◆ The data ◆
****************
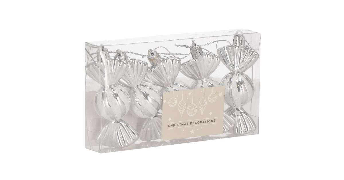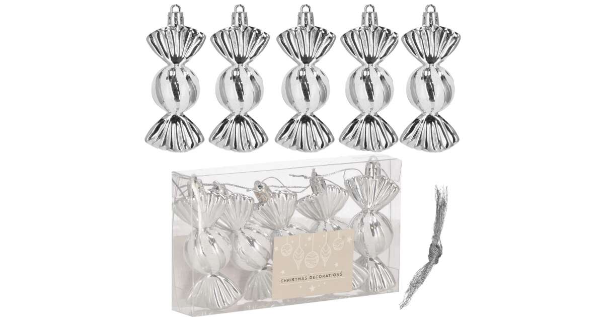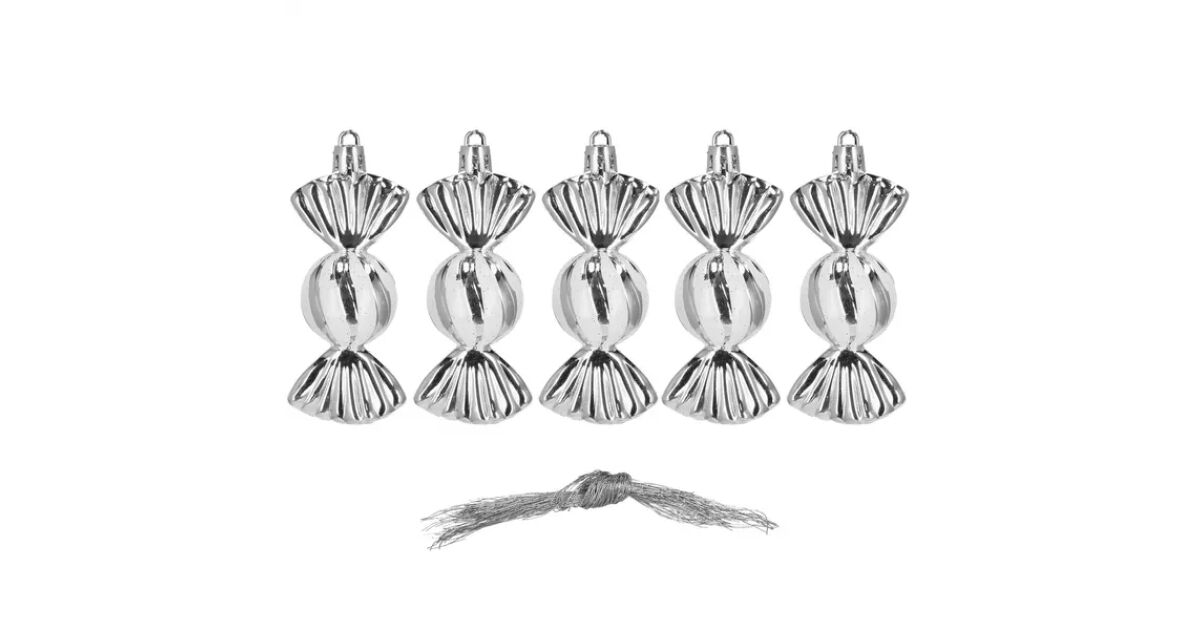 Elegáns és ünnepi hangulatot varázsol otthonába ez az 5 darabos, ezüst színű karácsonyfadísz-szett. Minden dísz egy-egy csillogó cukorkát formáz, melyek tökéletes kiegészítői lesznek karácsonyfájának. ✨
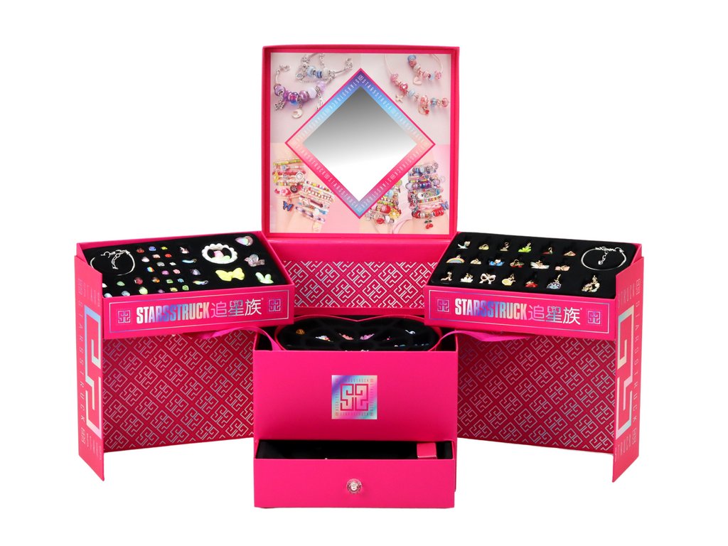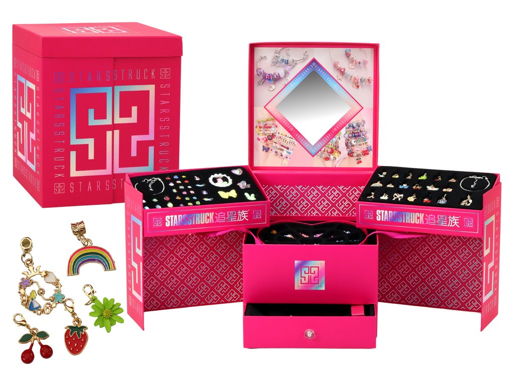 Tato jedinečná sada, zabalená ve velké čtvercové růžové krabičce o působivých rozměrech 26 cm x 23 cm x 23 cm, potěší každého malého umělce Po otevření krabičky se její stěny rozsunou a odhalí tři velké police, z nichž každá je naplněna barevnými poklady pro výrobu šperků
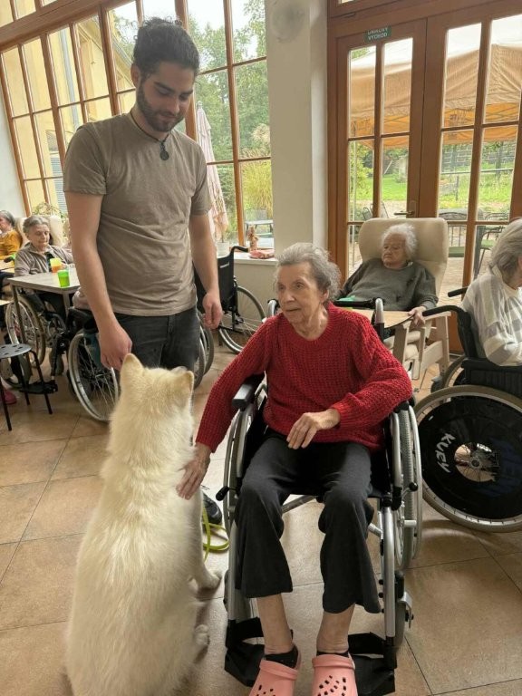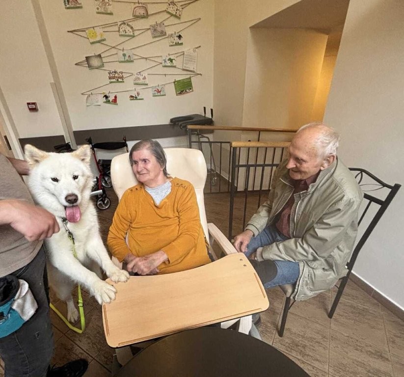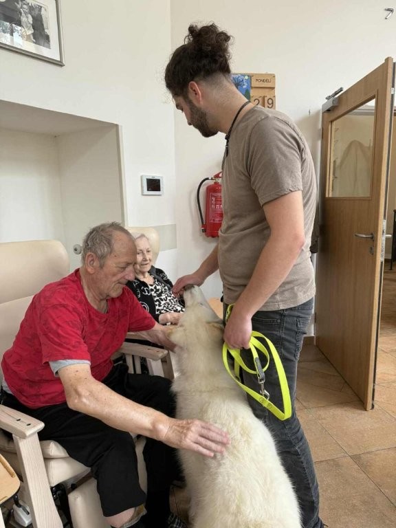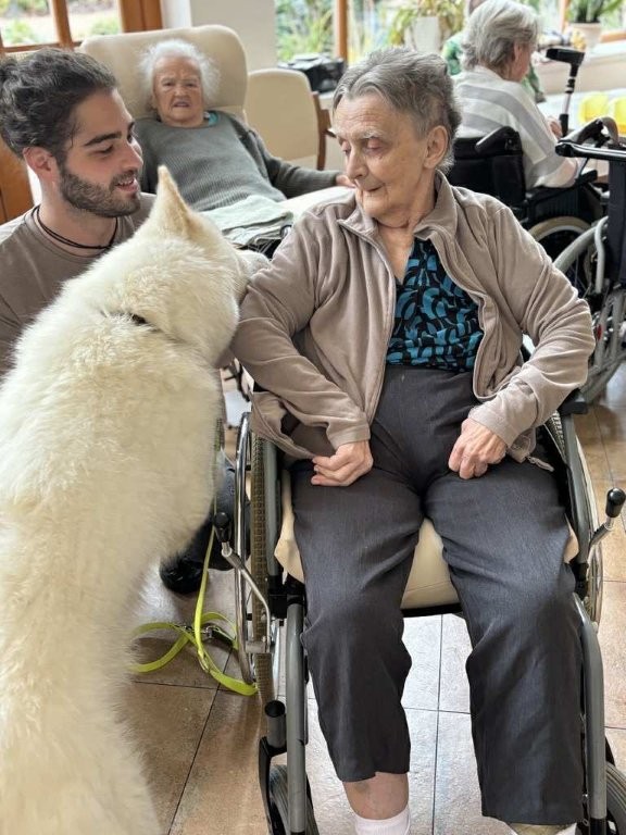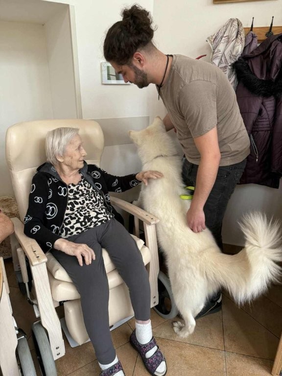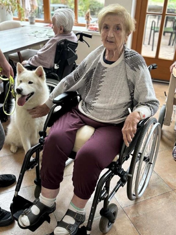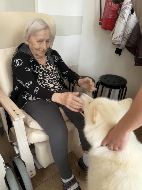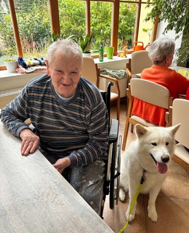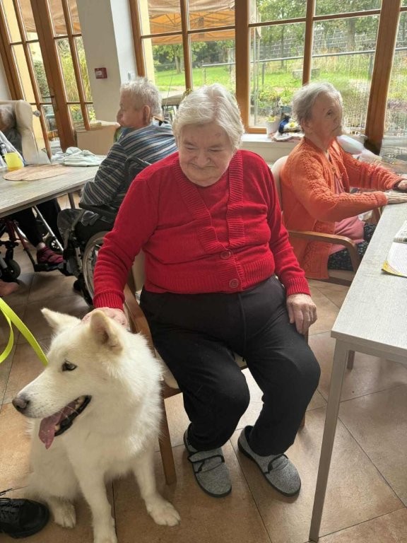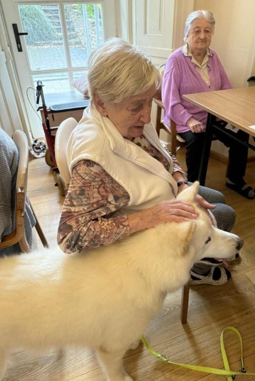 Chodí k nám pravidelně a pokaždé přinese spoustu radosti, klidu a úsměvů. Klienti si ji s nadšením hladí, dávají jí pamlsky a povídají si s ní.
****************
◆ Task to complete ◆
Repeat the listing exactly, minus its pictures.

◆ Written answer ◆
 Elegáns és ünnepi hangulatot varázsol otthonába ez az 5 darabos, ezüst színű karácsonyfadísz-szett. Minden dísz egy-egy csillogó cukorkát formáz, melyek tökéletes kiegészítői lesznek karácsonyfájának. ✨
 Tato jedinečná sada, zabalená ve velké čtvercové růžové krabičce o působivých rozměrech 26 cm x 23 cm x 23 cm, potěší každého malého umělce Po otevření krabičky se její stěny rozsunou a odhalí tři velké police, z nichž každá je naplněna barevnými poklady pro výrobu šperků
 Chodí k nám pravidelně a pokaždé přinese spoustu radosti, klidu a úsměvů. Klienti si ji s nadšením hladí, dávají jí pamlsky a povídají si s ní.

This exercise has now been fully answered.